Xiu Xia Zheng v. Holder

502 F. App'x 13
CourtCourt of Appeals for the First Circuit
DecidedFebruary 11, 2013
Docket12-1325
StatusUnpublished
Cited by6 cases

This text of 502 F. App'x 13 (Xiu Xia Zheng v. Holder) is published on Counsel Stack Legal Research, covering Court of Appeals for the First Circuit primary law. Counsel Stack provides free access to over 12 million legal documents including statutes, case law, regulations, and constitutions.

Bluebook
Xiu Xia Zheng v. Holder, 502 F. App'x 13 (1st Cir. 2013).

Opinion

PER CURIAM.

Petitioner Xiu Xia Zheng seeks judicial review of a decision by the Board of Immigration Appeals (“BIA”) denying her late-filed motion to reopen proceedings on her application for political asylum. We hold that the BIA did not abuse its discretion in holding that Zheng’s untimely motion to reopen, filed some seven years after denial of her asylum petition, did not meet the exception to the 90-day filing requirement for changed country conditions material to the claims for asylum.
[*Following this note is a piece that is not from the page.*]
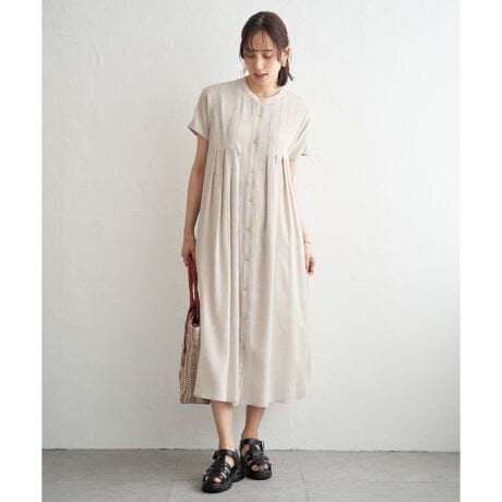 さらりと肌ばなれのいい素材を使用したきれいめ見えするワンピース。
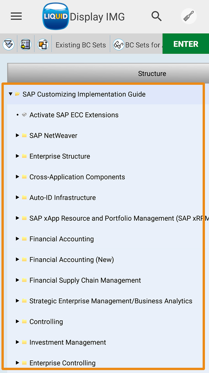 - You will be navigated to Display IMG transaction, where you can find a tree control as shown below.

Zheng left her home in China on September 7, 2000, and journeyed to Detroit, Michigan, where she attempted to enter the United States on someone else’s passport. The Immigration and Naturalization *14 Service (“INS”) detained Zheng at the airport and then placed her in removal proceedings on the ground that she was an arriving alien not in possession of a valid entry document. See 8 U.S.C. § 1182(a)(7)(A)(i)(I) (2006). The INS paroled Zheng into the United States under the custody of her father, who lived in Boston, Massachusetts, and then transferred her case to that jurisdiction.
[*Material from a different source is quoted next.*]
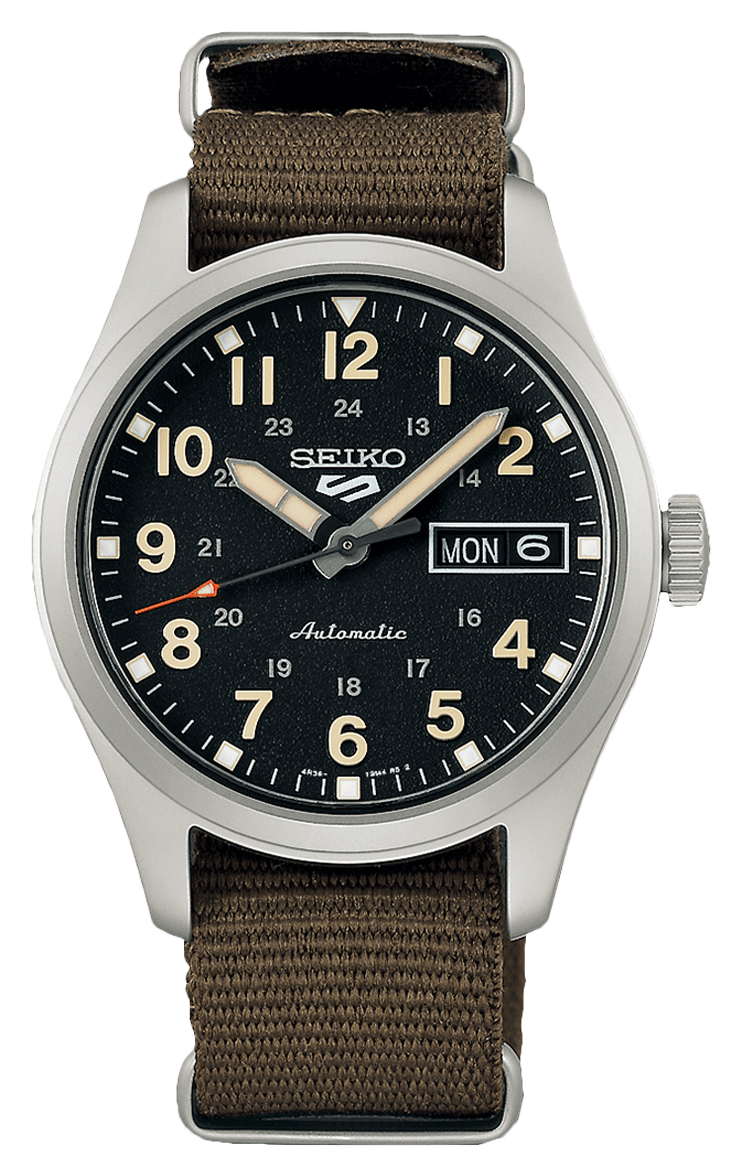 A Seiko 5 Sports “field” modellek az órák világában egy külön kategóriát képviselnek, a katonai stílus egy kicsit polgárivá szelídített változatai, igen jellegzetes, könnyen felismerhető stílusjegyekkel. A katonai jellegre több jel is utal, az egyik legszembetűnőbb a 12-es index helyén lévő háromszög alakú jelzés, amely a katonai repülés egy szimbóluma, a műszereken a pozíció gyors azonosítását teszi lehetővé. Az arab számos indexek is a gyors és biztos leolvasást segítik, a 12 órás skála mellett pedig helyet kap egy 24 órás, második skála is, amely az angolszász világban szintén csak a katonai területeken használt, a mindennapokban csak a 12 órás skálára van szükség. A 36.4 mm-es átmérőhöz 12.5 mm-es vastagság társul, így a tok arányos és kényelmesen viselhető mind az átmérője, mind a vastagsága, mind az ezekből eredő, a korábbinál kisebb súlya miatt is .Az SRPJ85K1 modell egy kissé vintage hangulatú pilóta órát idéz fel. A fekete számlapon a halvány bézs színű mutatók és számjegyek egy megfakult, sokat látott órát juttatnak a szemlélője eszébe, a barna textil szíj pedig csak erősíti ezt az érzést – vintage hangulat és mai technika, a tökéletes párosítás. A modellt 4R36 kaliberrel alkották meg, amely 24 köves, kézi felhúzóval, 41 órás járástartalékkal rendelkezik. Ez a karóra automata szerkezettel szerelt, amely a kéz mozgásából származó mozgási energiát alakítják át a működéshez szükséges energiává úgy, hogy a szerkezetben található súly körkörös mozgása során a rugó felhúzásra kerül.

Zheng admitted the INS’s allegations and conceded her removability. She then submitted an application for political asylum. See id. § 1158. Zheng claimed that she feared persecution if she returned to China due to her membership in the Roman Catholic Church, which operates underground in China in defiance of an official government prohibition. According to Zheng, she was kicked out of her school in China due to her religious beliefs, and later was threatened and interrogated by the police after she had her picture taken with a Catholic Archbishop. Zheng also applied for withholding of removal and for protection under the United Nations Convention Against Torture. See id. § 1231(b)(3)(A).
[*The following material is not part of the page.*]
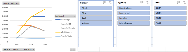 - We can have multiple slicers to our Pivot Table, which will work simultaneously:

On September 18, 2002, in an oral decision, the Immigration Judge (“IJ”) found that Zheng had failed to meet her burden of establishing a well-founded fear of future persecution in China based on her religion, and so denied her application for asylum. He emphasized that the rest of her family in China practiced Roman Catholicism and attended church services without any trouble from the government. The IJ also found that Zheng had failed to establish her eligibility for withholding of removal or protection under the Convention Against Torture. Zheng appealed the IJ’s decision to the BIA, which dismissed her appeal on May 13, 2004. Zheng subsequently filed a timely motion for reconsideration with the BIA, which was also denied. 1 Zheng, however, did not leave the country, despite a final order of removal.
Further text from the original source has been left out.